Studies were mainly of moderate to high quality, with most studies fulfilling five to seven of the seven quality criteria. Note that blinding was not practical in some trials. Table 2 shows the quality of the included trials. Four studies only fulfilled four of the criteria, while ten fulfilled five criteria, seven fulfilled six criteria, and seven fulfilled seven criteria. As shown in Table 2 many studies had one or more arms with losses to follow-up of 20% or more.

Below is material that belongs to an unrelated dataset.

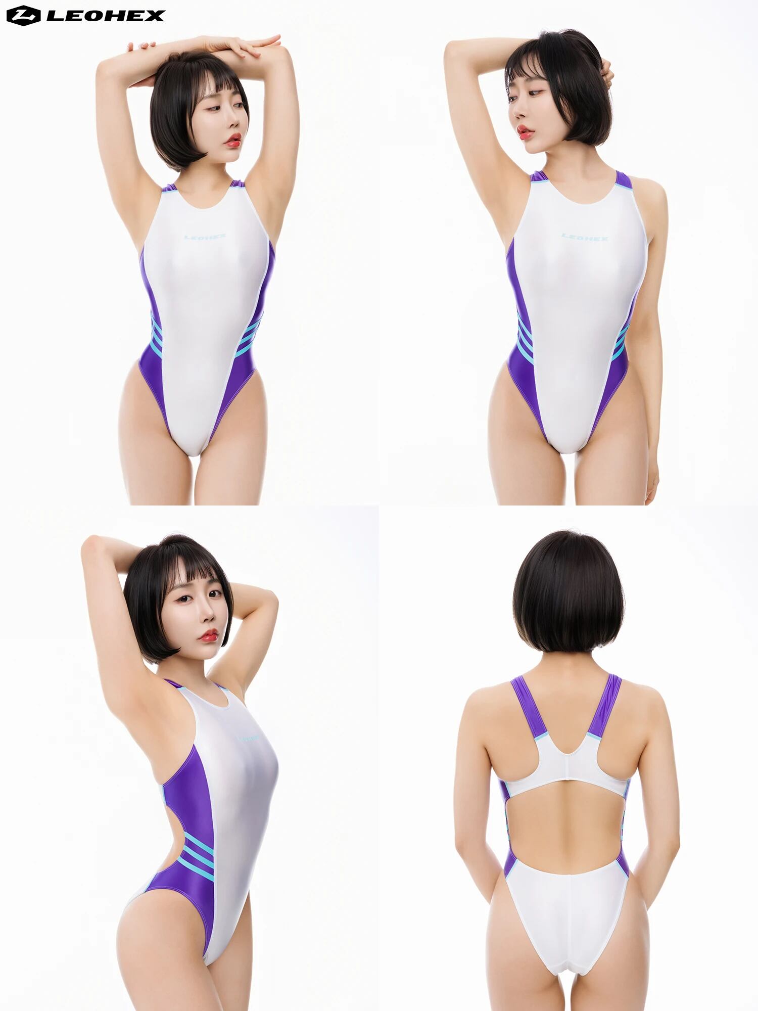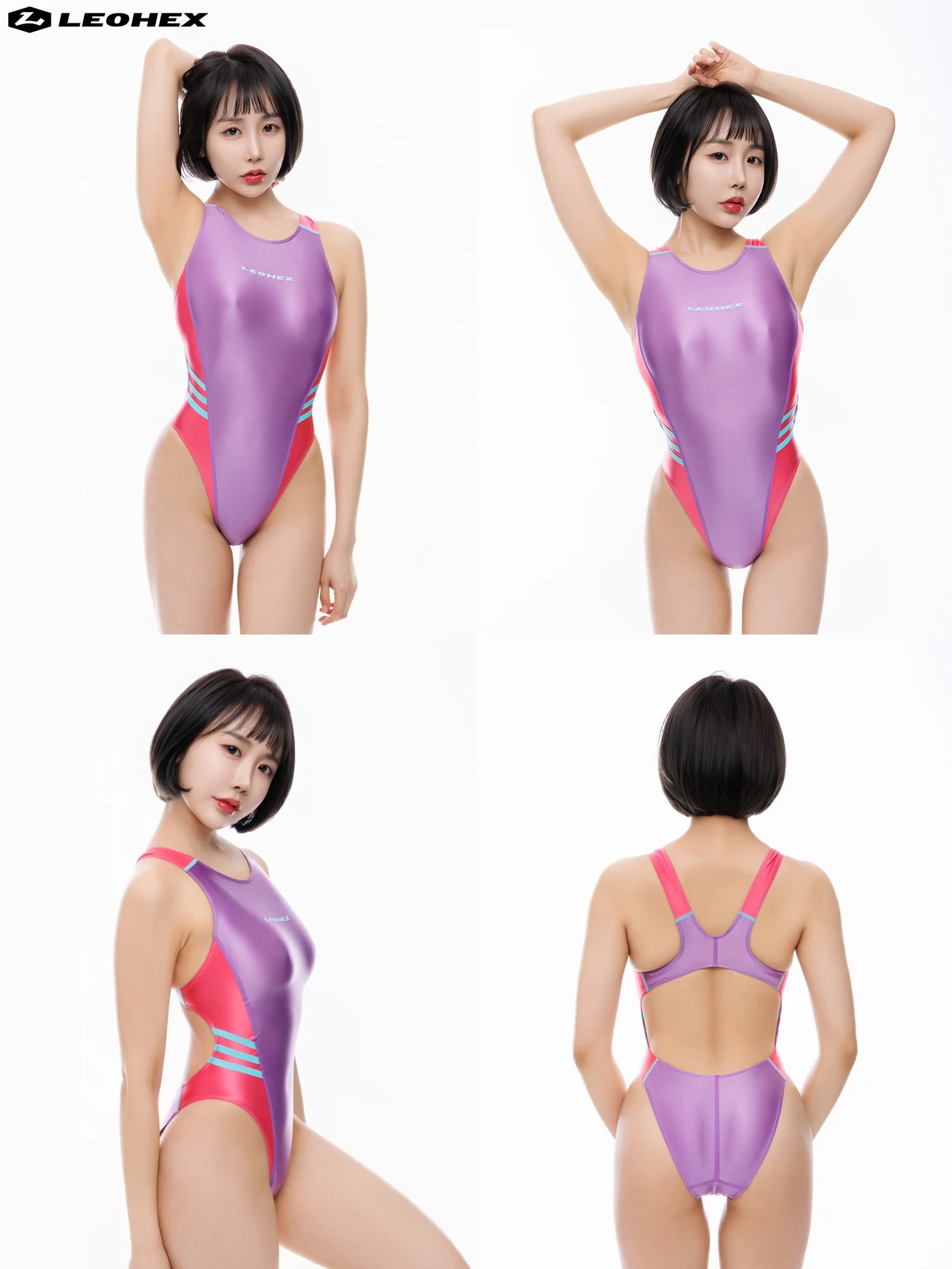 艶やかで美しい光沢が動きに合わせてきらめき、ステージでもプールでも視線を引きつける存在感。LEOHEXならではの高品質ファブリックを使用
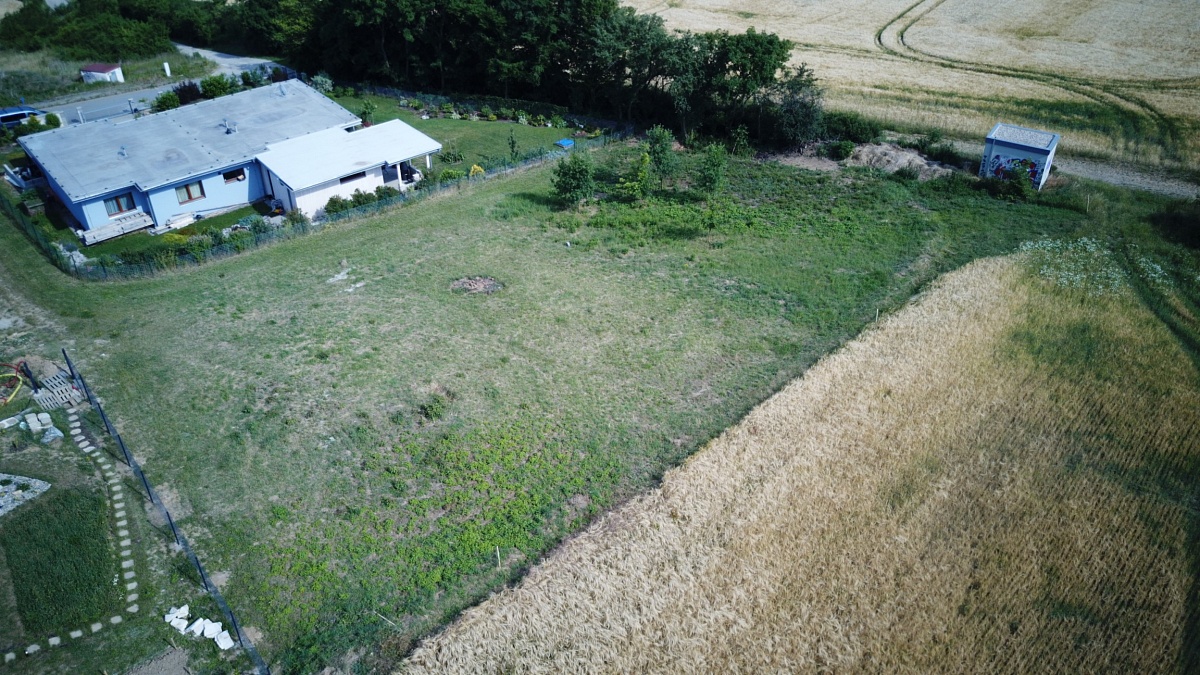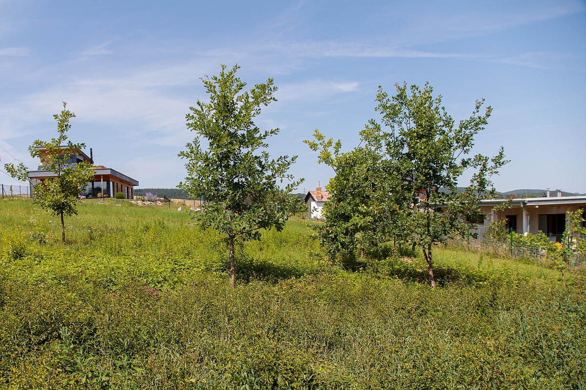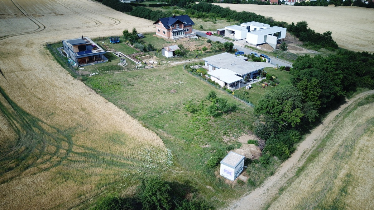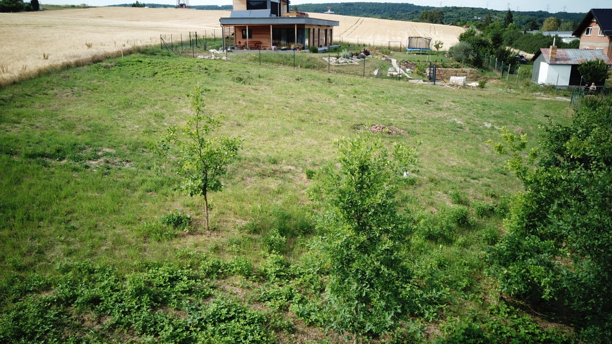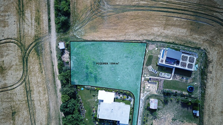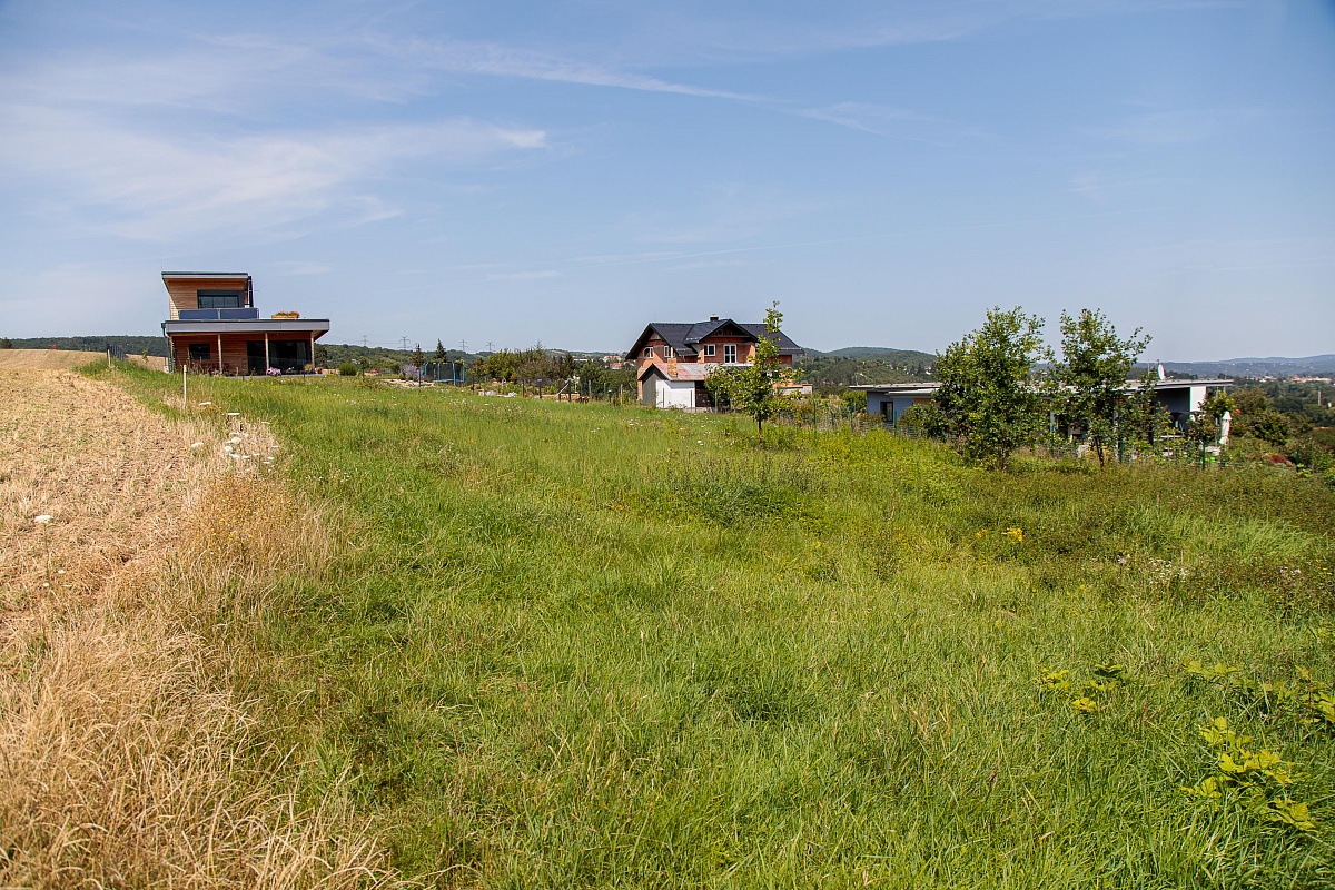 Pozemek má tvar lichoběžníku o délce stran 32, 43 a 51 m, nachází se v mírném jihovýchodním svahu. V okolí domu je již dokončená zástavba rodinných domů. Na pozemku je zajištěno napojení na veškeré důležité inženýrské sítě - elektřina, voda, kanalizace, plyn. Dále vydané povolení ke zřízení vrtu / studny. Přístup k pozemku je po asfaltové silnici. Zastavitelnost pozemku je dle územního plánu 35% zastavěné plochy k celkové výměře pozemku a výšková hladina stavby je 9 metrů.

Table 2 Quality of included trials.

Results

HbA1c

Figure 2 shows the meta-analysis of the percentage change in HbA1c for the GLP-1 agonist trials in comparison with placebo. It can be seen that all GLP-1 agonists significantly reduced HbA1c, with reductions ranging from 0.62% to 1.16%. Two studies[24, 26] could not be included in the meta-analysis due to insufficient details reported. Gill 2010[26] compared exenatide 10 µg twice daily versus placebo. The mean difference between groups was not significant (0.3% SD 1.06). However, this trial was a small, short term trial powered to detect differences in mean 24-hr heart rate (not HbA1c). Nauck 2009[24] compared taspoglutide at doses of 5 mg, 10 mg and 20 mg once weekly, and 10 mg and 20 mg once every two weeks, and found all doses changed significantly compared to placebo. This study could not be included in the meta-analysis because of lack of data on standard deviations (SDs) or standard errors (SEs).

Figure 2
figure 2

Change in HbA1c (%): GLP-1agonists versus placebo.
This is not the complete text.